Segmenting out t1's definition would break the fusion into two kernels.

Example 3

t0 = Pointwise(in)
out = Slice(t0)

I understand nvFuser currently enforces a segment boundary before slice for practical limitations. However, ideally, the two ought to be in the same segment so we only need to Pointwise the portion that's in the slice.

Example 4

out0 = NonMeta(in)
t0 = Meta0(out0)
out1 = Meta1(t0)
out2 = NonMeta(t0)

Ideally, we'd like to compile it to the following two segments, one of which is meta-only and the other a kernel with two outputs. Note Meta0 is cloned.

// A kernel
out0 = NonMeta(in)
t0 = Meta0(out0)
out2 = NonMeta(t0)
// A meta-only segment
t1 = Meta0(out0)
out1 = Meta1(Meta0(out0))

Proposal

The algorithm below to segment meta ops tries to minimize three things in the following priority order:

  1. The number of kernels.
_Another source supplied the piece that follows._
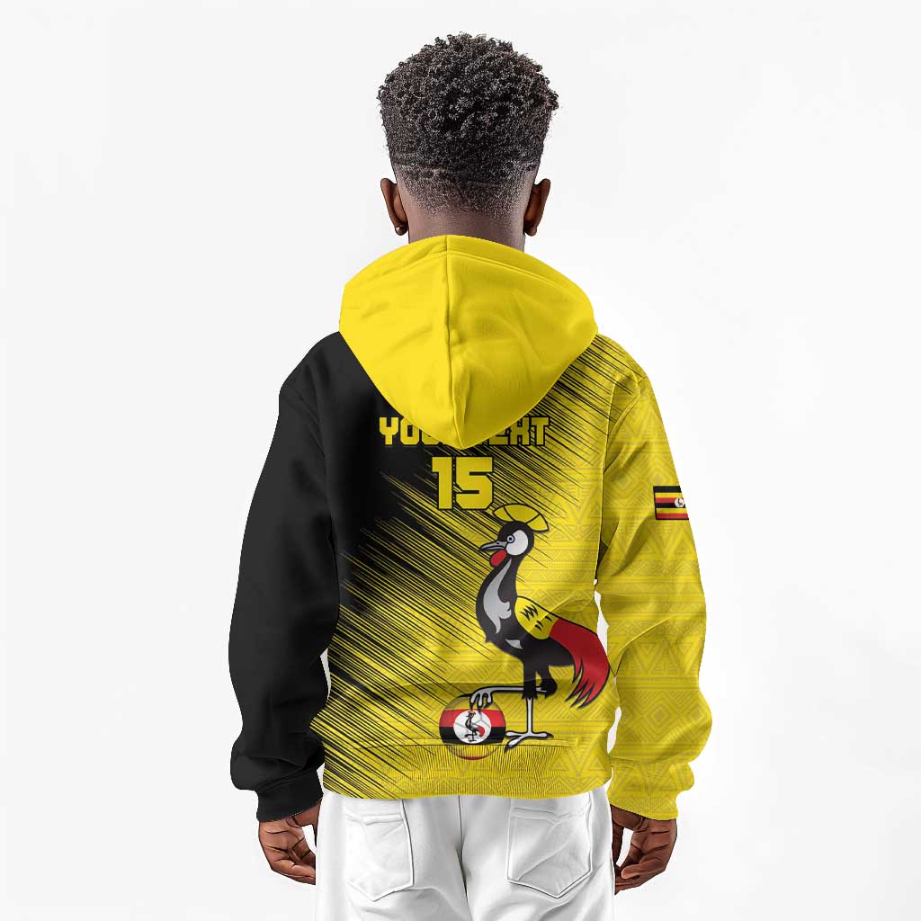 Uganda Football Custom Kid Hoodie African Pattern Mix Grunge Style - Yellow Color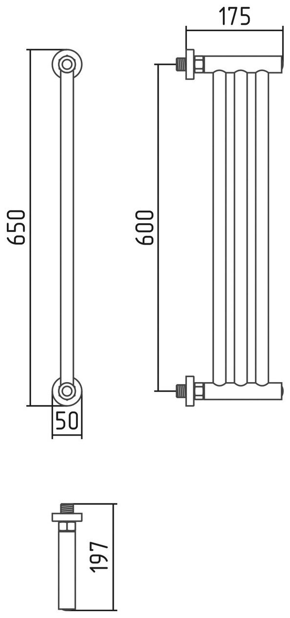 Полотенцесушитель водяной 600х195 подключение горизонтальное/вертикальное Сунержа Хорда 00-0124-0600

Note that meta-op only segments are not kernels, so having more of them alone is OK.
  2. The size of I/O.
  3. Number of ops in kernels, so fewer ops need to go through schedulers and codegen.

Steps:

  1. Run alias analysis as we do today.
  2. Mark all ops that are used for computing a non-alias output, i.e., that are on the path from an input to a non-alias output.
  3. For each alias output, traverse up until a slice or a used-for-non-alias op and put a segment_set where the traversal stopped.
  4. For each input, traverse down until a non-meta op or a fork and place a segment_set where the traversal stopped. We stop at a fork to minimize the number (and thus the size) of kernel inputs.

Limitations

The proposal doesn't consider the cloning opportunity as mentioned in Example 4. I'm all ears for a better solution.